One of the main requirements of the Education Ministry to such events is that the competition must include both practical and theoretical parts. Practical part usually includes several tasks, and each task is a demonstration of an optical phenomenon or an optical instrument or device and involves questions concerning the demonstrated experiment. Theoretical part is a set of tasks and questions that should be solved and answered in written form. Organization committee and judges which are the members of teaching staff of different universities prepare complex theoretical tasks and arrange a set of practical questions. Nevertheless the set of task may include simple questions which can be solved using basic knowledge of optics, observation and erudition. Thus, such competitions help to discover the most talented and motivated students which have great potential.

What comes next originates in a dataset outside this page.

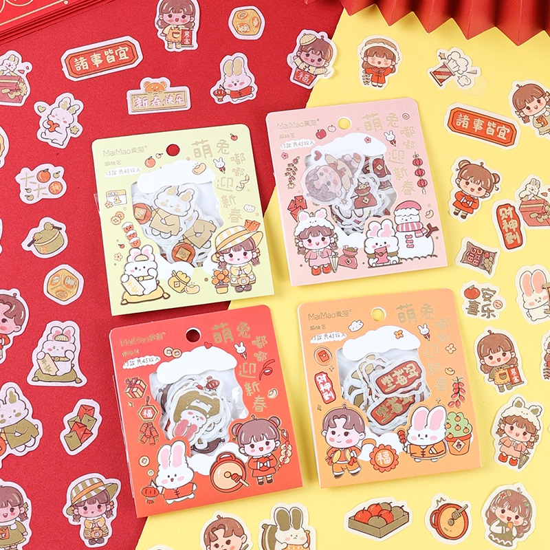 Giới thiệu Set 45 Sticker Dán Trang Trí Năm Mới Hình Thỏ Hoạt Hình Màu Đồng

In the report the problems of organization and carrying out of such competition in optics are discussed. Examples of tasks which were used in different years and also retrospective of the competition are presented.
Romanova, Tochilina, and Bakholdin: Competition in optics for students: organization and realization of the practical and theoretical tours



All-Russian students’ competition (RSC) in optical engineering are being held annually. In this competition students can participate who study optical engineering in specialties “Laser technology”, “Laser systems in missilery and cosmonautics”, “Optical electronic systems and instruments”, “Optical technologies and materials”.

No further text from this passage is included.